◆ **Problem description**: Start with the line that holds "Заключение• • Узнали о роли дизайна". Please copy it and each remaining line below exactly, leaving pictures out.

#### Data extract

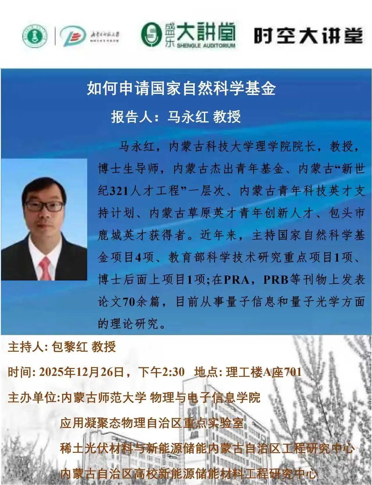 【预告|时空大讲堂】如何申请国家自然科学基金
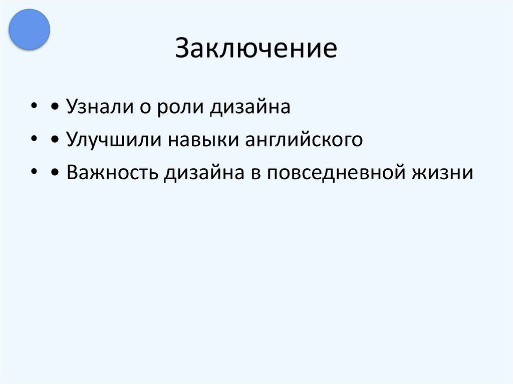 Заключение• • Узнали о роли дизайна
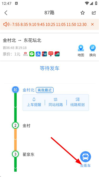 3、在公交路线详情页面,点击去乘车,可进行该公交的乘车操作。

########

◆ **Answer box**:
 Заключение• • Узнали о роли дизайна
 3、在公交路线详情页面,点击去乘车,可进行该公交的乘车操作。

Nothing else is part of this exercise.